Every school has one or two exceptional teachers, willing to go beyond their roles and reach out to the students they work with. Craig was one among these type of teachers. It was always clear to me that he worked for the students and not just with them. He had a really great relationship with his class but maintained the boundaries that had to be in place. I laughed every day I was with him. 

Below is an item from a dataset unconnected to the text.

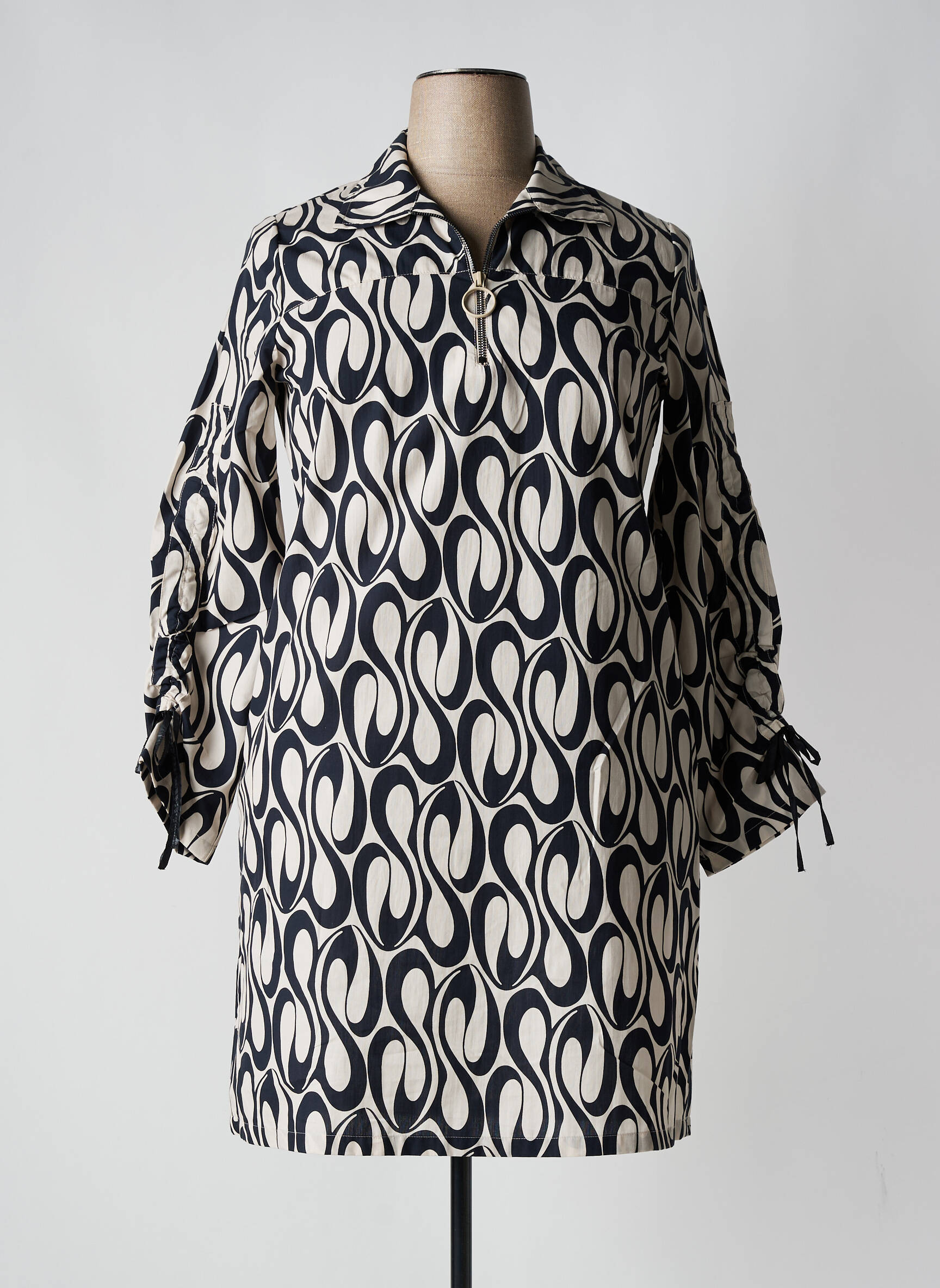 Craquez pour cette robe courte TUZZI à prix mini, parfaite pour dynamiser votre garde-robe sans vous ruiner. Son imprimé graphique aux motifs noirs et crème offre un style unique et tendance, tandis que sa coupe droite légèrement ample vous garantit confort et modernité au quotidien. Les manches longues à détails froncés ajoutent une touche sophistiquée qui fait toute la différence. C’est le bon plan du moment pour une allure raffinée à petit prix, idéale aussi bien pour vos journées en ville que pour vos sorties entre amis.

     When I began to feel unwell Craig was genuinely concerned for me. I fell asleep in the staff room a few times and he came to find me for lessons. As this was all unusual circumstances for me, I knew I had to seek medical advice. 
Craig insisted that I should visit the Dr too. After a few days I found out that I was pregnant with my son Kross. I went back to work and found him teaching another class. He came outside the classroom and as his class could see us both through the glass panels, they were confused as to why he cuddled me and lifted me off my feet. He was the first member of teaching staff I told. 

I was really saddened to hear of his death. It is such a great loss. There was no question that I wanted to be at his funeral to pay my last respects to him. I arrived at the crematorium and was met by Woodside students, now grown men and women, and students from the school he recently taught at.
There were too many people present to get into the chapel, so well over 100 of us were standing outside listening to the service on loudspeakers. 
      The tributes by his son and daughter were really touching and funny but the one that moved me to tears the most was the one that Craig had prepared  himself. It was read out at the service and felt like he was there reading it. He spoke of his love for his son whom he described as his best friend, and his daughter whom he called his angel. His wife Melanie was reminded of how much he loved her and he said that she is the one whom he loved more than anything else in this world. It was a beautiful part of the service. 
I am really glad I was there as a final farewell to a brilliant teacher and an equally brilliant man, who was only ever kind, thoughtful and funny. He will truly be missed by so many.


I dedicate this blog to the one and only Mr Craig Foster.